* Work required
Your copy should start at the line with "The softside suitcase" and end at the line with "The traditional wall" in the data below. Transcribe only those lines, exactly, pictures excluded.

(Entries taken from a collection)
━━━━━━━━━━━━━━━━

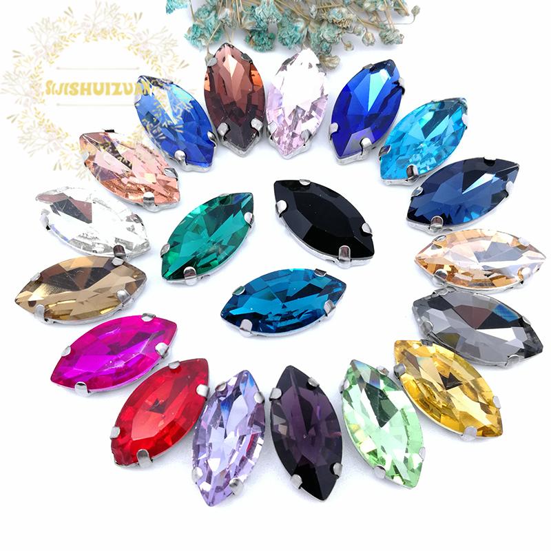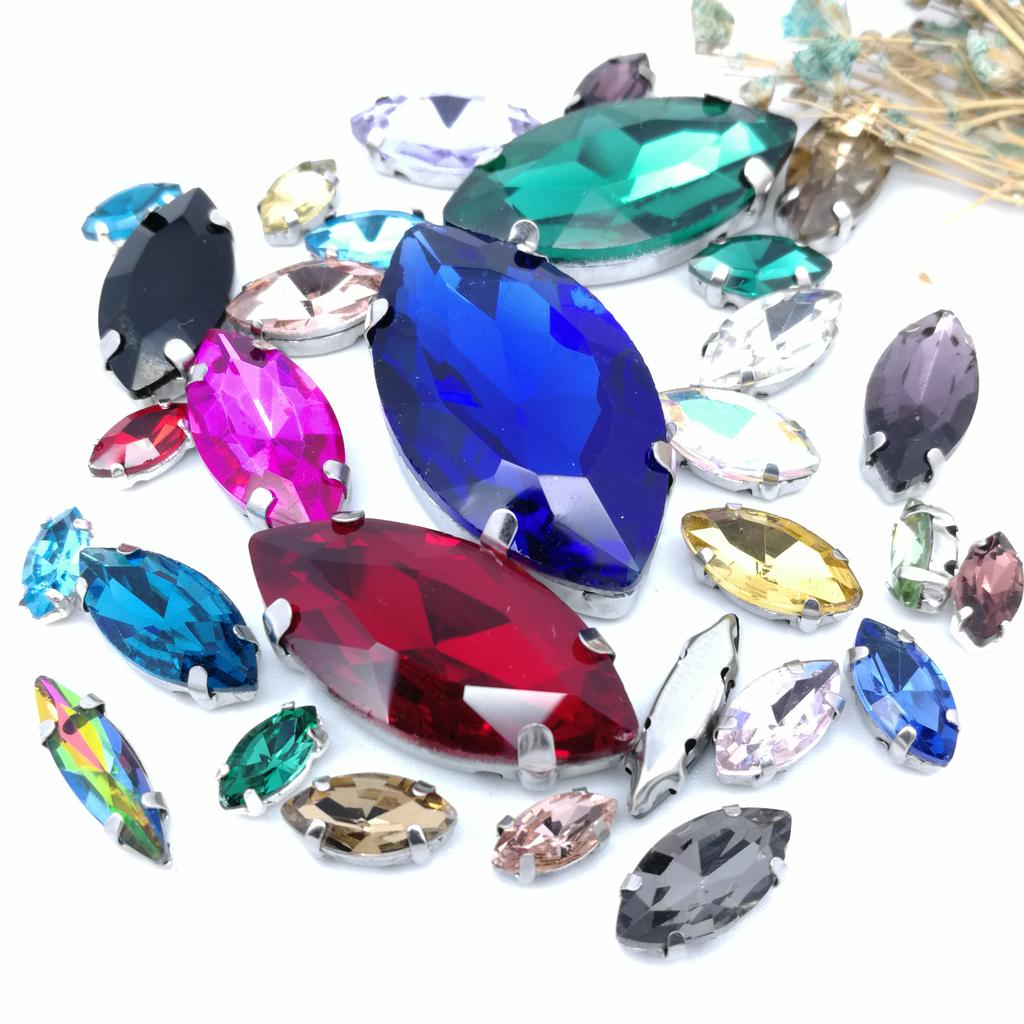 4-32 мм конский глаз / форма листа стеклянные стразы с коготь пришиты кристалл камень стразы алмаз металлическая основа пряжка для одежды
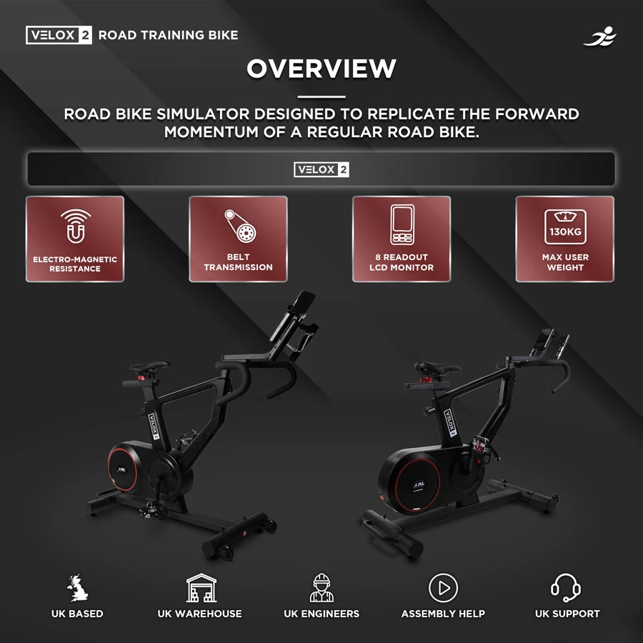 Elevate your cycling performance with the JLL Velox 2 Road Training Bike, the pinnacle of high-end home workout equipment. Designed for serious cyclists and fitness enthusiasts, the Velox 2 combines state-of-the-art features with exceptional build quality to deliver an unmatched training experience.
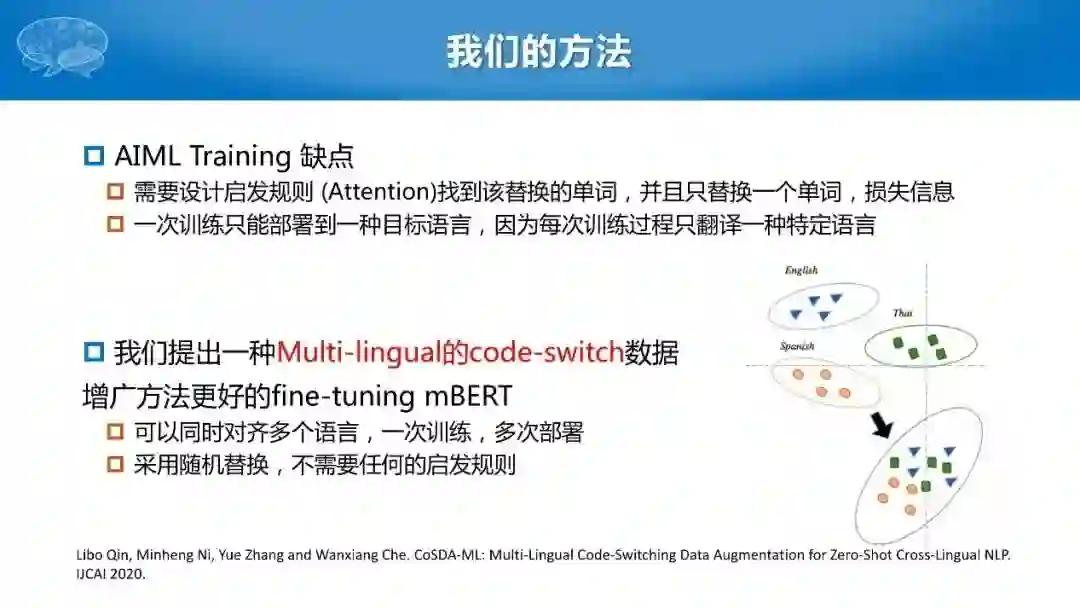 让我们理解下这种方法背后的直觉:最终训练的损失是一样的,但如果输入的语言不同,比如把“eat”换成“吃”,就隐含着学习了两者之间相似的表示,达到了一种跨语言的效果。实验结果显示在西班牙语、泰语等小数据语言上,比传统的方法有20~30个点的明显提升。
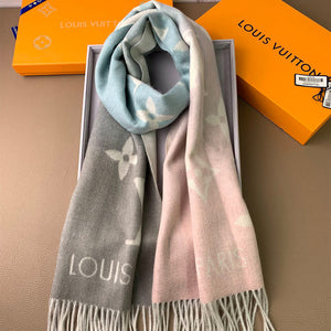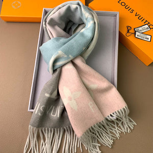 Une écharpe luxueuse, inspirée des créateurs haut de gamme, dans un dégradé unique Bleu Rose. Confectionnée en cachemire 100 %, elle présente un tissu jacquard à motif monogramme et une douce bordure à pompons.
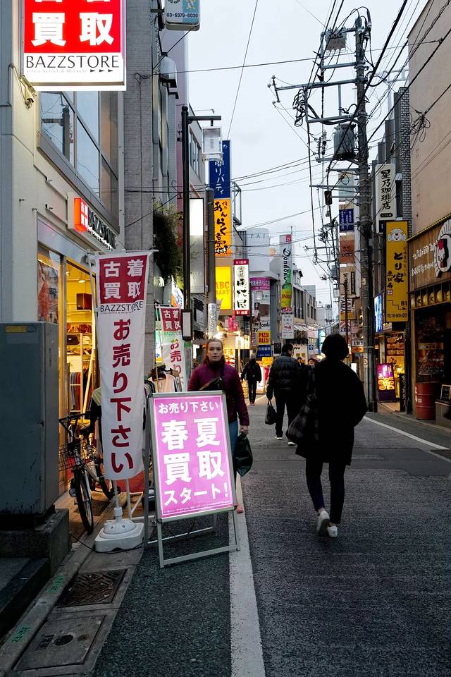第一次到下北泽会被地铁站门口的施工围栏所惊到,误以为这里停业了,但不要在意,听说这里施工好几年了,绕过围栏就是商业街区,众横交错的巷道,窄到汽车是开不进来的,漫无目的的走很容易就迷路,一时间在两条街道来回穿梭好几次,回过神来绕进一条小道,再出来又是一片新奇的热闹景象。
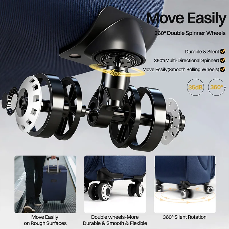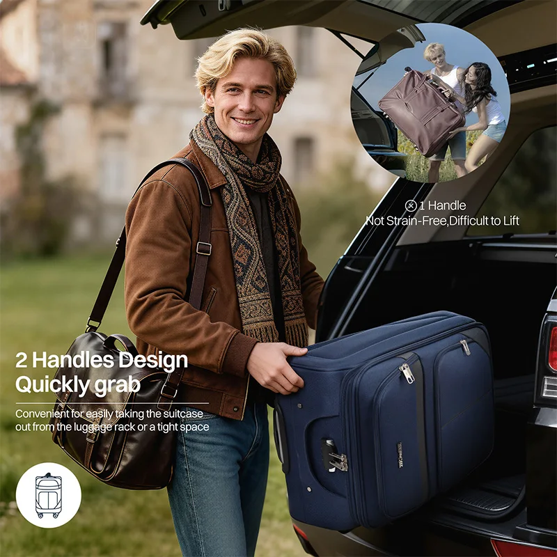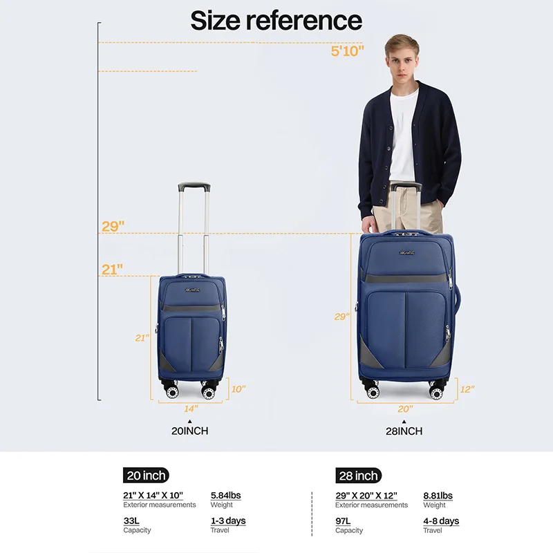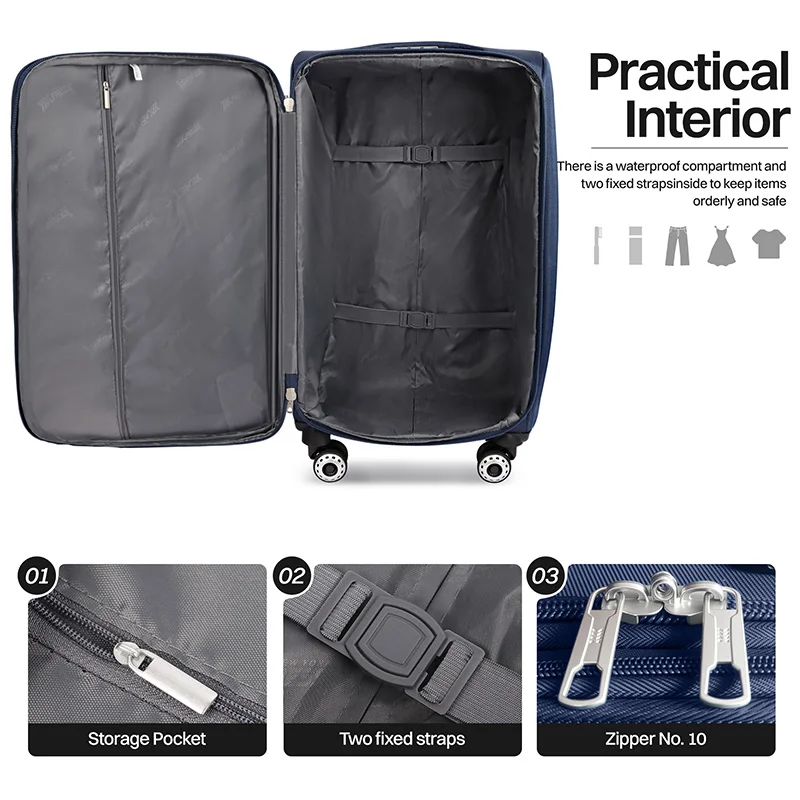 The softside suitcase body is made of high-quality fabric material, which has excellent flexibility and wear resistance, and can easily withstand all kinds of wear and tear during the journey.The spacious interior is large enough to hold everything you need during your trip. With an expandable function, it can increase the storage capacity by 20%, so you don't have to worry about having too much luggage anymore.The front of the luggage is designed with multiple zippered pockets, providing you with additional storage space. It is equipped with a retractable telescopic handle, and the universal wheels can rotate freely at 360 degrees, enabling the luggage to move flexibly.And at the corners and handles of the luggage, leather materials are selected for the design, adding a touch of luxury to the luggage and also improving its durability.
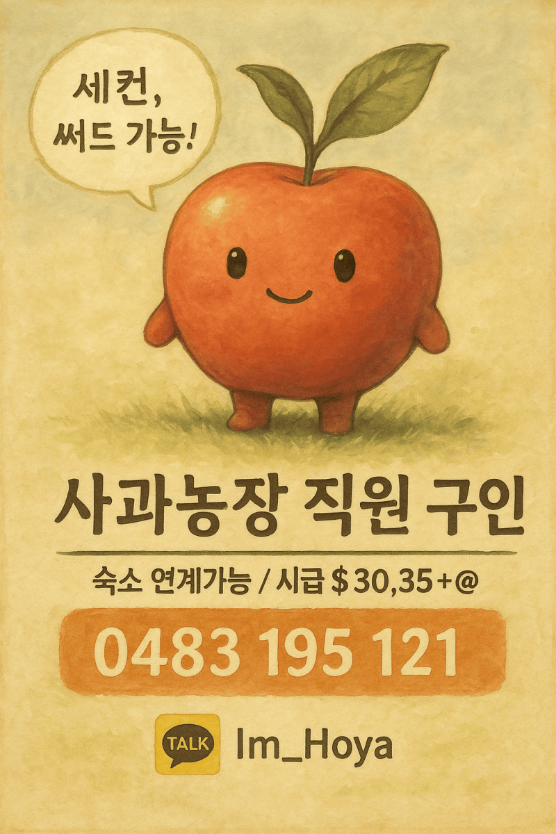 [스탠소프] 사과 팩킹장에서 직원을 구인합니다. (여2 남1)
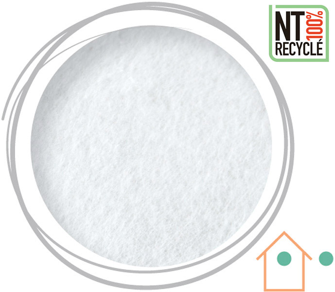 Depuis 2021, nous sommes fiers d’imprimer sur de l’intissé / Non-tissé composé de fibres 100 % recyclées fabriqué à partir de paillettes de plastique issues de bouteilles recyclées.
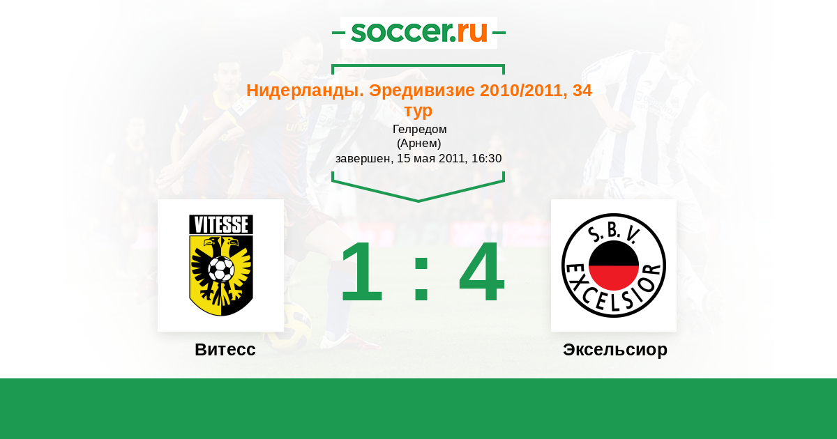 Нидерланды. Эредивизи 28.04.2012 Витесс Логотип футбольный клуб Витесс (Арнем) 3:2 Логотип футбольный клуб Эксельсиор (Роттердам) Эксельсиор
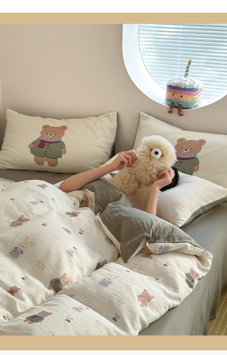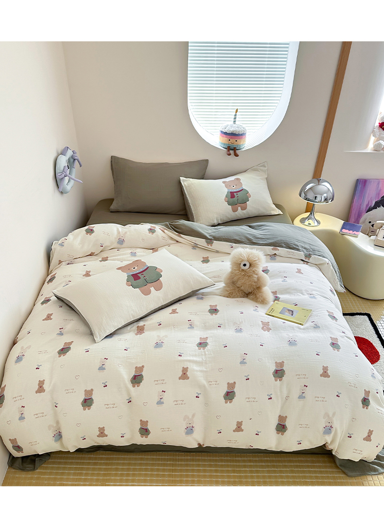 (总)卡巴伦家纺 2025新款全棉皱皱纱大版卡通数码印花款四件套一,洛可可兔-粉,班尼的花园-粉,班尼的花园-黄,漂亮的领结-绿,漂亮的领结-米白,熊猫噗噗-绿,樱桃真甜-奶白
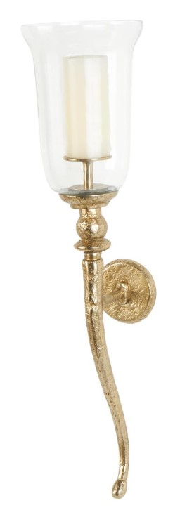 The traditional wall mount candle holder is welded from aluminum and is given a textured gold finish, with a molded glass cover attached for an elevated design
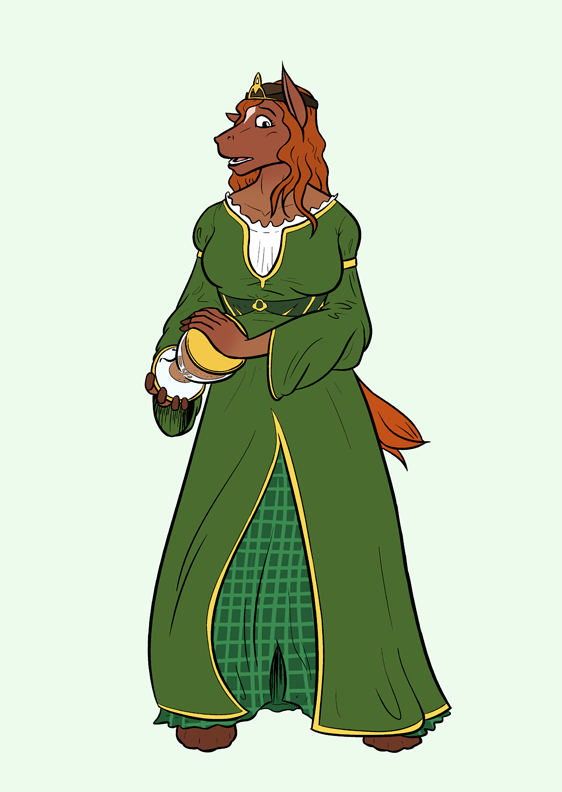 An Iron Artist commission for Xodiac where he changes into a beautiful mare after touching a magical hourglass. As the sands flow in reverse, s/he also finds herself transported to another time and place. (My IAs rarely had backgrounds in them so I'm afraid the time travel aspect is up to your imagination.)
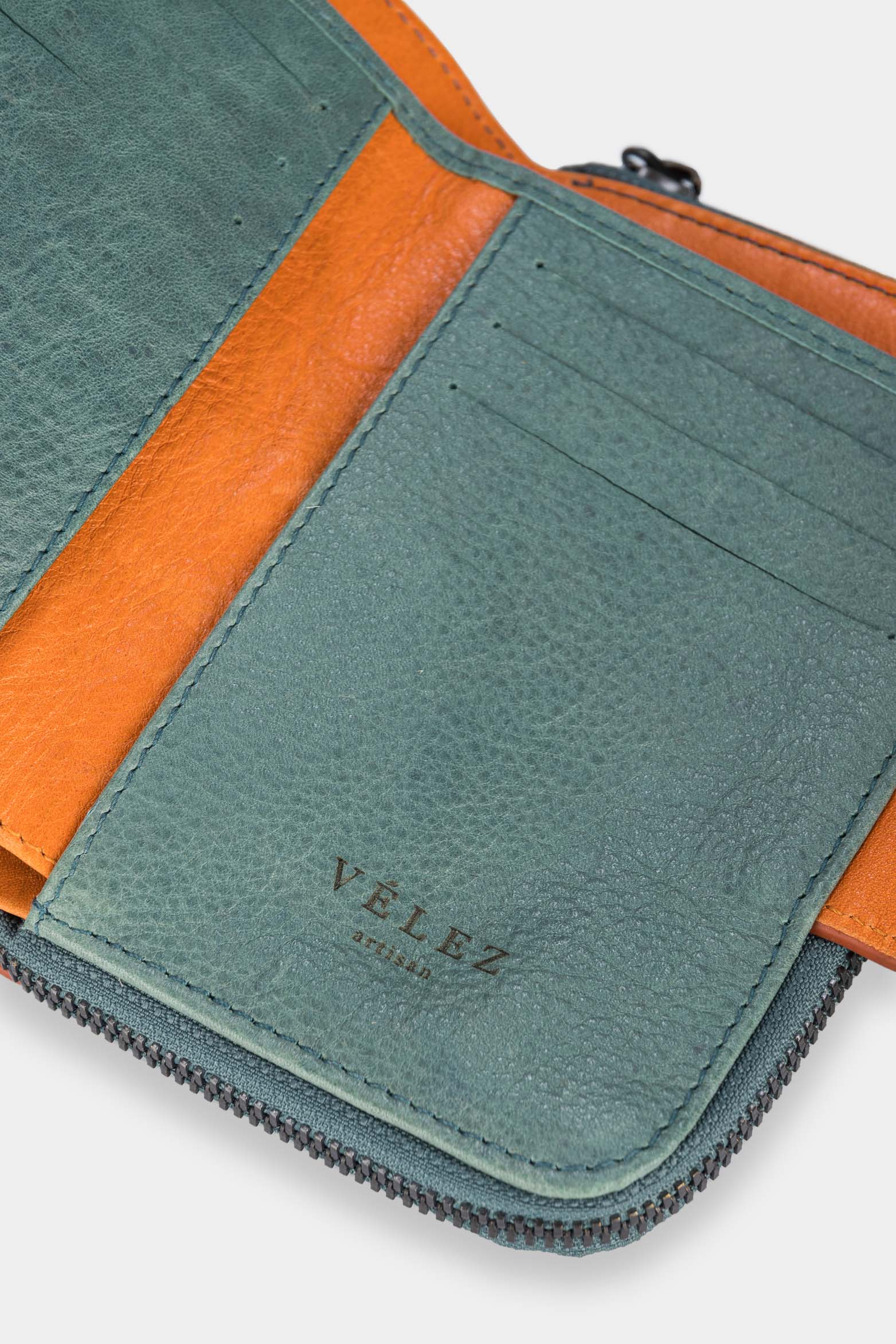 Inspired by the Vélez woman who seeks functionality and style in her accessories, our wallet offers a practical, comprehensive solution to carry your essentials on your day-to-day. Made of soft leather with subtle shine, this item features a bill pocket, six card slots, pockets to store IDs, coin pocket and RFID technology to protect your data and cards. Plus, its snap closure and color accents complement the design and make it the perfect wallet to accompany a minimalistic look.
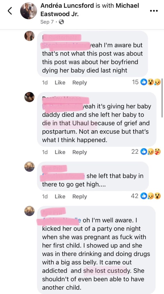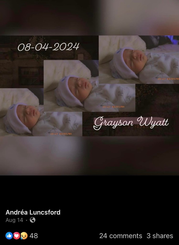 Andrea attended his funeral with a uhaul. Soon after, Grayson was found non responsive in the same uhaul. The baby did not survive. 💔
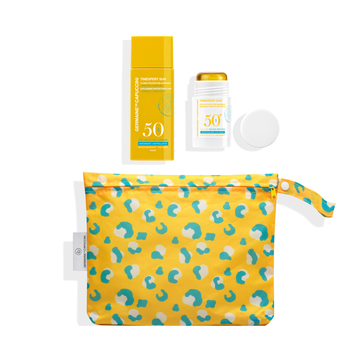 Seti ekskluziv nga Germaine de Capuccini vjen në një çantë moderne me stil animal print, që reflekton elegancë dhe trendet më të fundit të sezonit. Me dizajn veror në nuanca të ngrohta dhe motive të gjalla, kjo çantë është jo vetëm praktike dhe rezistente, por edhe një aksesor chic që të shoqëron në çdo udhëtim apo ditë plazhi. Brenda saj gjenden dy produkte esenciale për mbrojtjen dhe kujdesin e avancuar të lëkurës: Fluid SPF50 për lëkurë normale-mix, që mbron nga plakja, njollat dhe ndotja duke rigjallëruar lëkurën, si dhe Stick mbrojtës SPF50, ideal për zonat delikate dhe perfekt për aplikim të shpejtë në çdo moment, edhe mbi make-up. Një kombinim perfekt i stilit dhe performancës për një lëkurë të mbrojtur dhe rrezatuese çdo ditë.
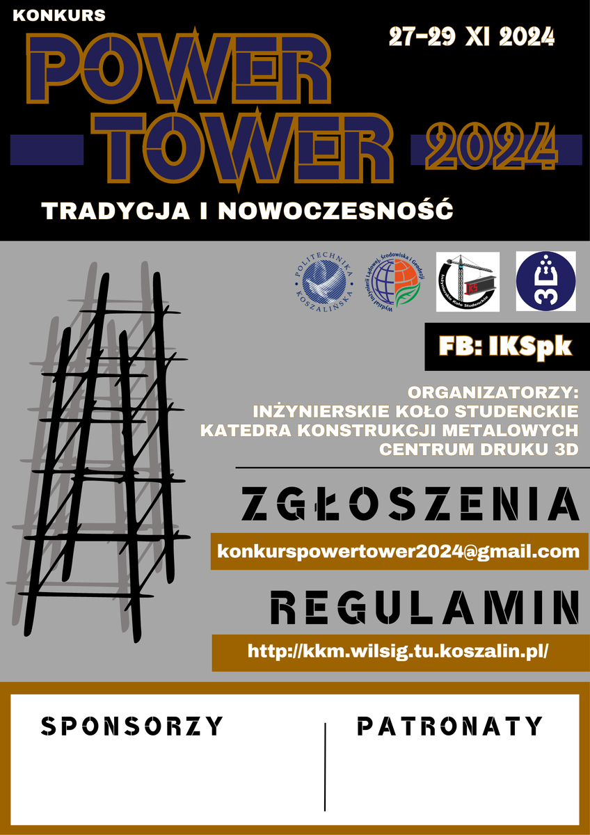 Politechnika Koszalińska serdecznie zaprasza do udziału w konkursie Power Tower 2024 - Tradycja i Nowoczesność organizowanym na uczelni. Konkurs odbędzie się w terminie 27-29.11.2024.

━━━━━━━━━━━━━━━━

* Finished exercise
 The softside suitcase body is made of high-quality fabric material, which has excellent flexibility and wear resistance, and can easily withstand all kinds of wear and tear during the journey.The spacious interior is large enough to hold everything you need during your trip. With an expandable function, it can increase the storage capacity by 20%, so you don't have to worry about having too much luggage anymore.The front of the luggage is designed with multiple zippered pockets, providing you with additional storage space. It is equipped with a retractable telescopic handle, and the universal wheels can rotate freely at 360 degrees, enabling the luggage to move flexibly.And at the corners and handles of the luggage, leather materials are selected for the design, adding a touch of luxury to the luggage and also improving its durability.
 [스탠소프] 사과 팩킹장에서 직원을 구인합니다. (여2 남1)
 Depuis 2021, nous sommes fiers d’imprimer sur de l’intissé / Non-tissé composé de fibres 100 % recyclées fabriqué à partir de paillettes de plastique issues de bouteilles recyclées.
 Нидерланды. Эредивизи 28.04.2012 Витесс Логотип футбольный клуб Витесс (Арнем) 3:2 Логотип футбольный клуб Эксельсиор (Роттердам) Эксельсиор
 (总)卡巴伦家纺 2025新款全棉皱皱纱大版卡通数码印花款四件套一,洛可可兔-粉,班尼的花园-粉,班尼的花园-黄,漂亮的领结-绿,漂亮的领结-米白,熊猫噗噗-绿,樱桃真甜-奶白
 The traditional wall mount candle holder is welded from aluminum and is given a textured gold finish, with a molded glass cover attached for an elevated design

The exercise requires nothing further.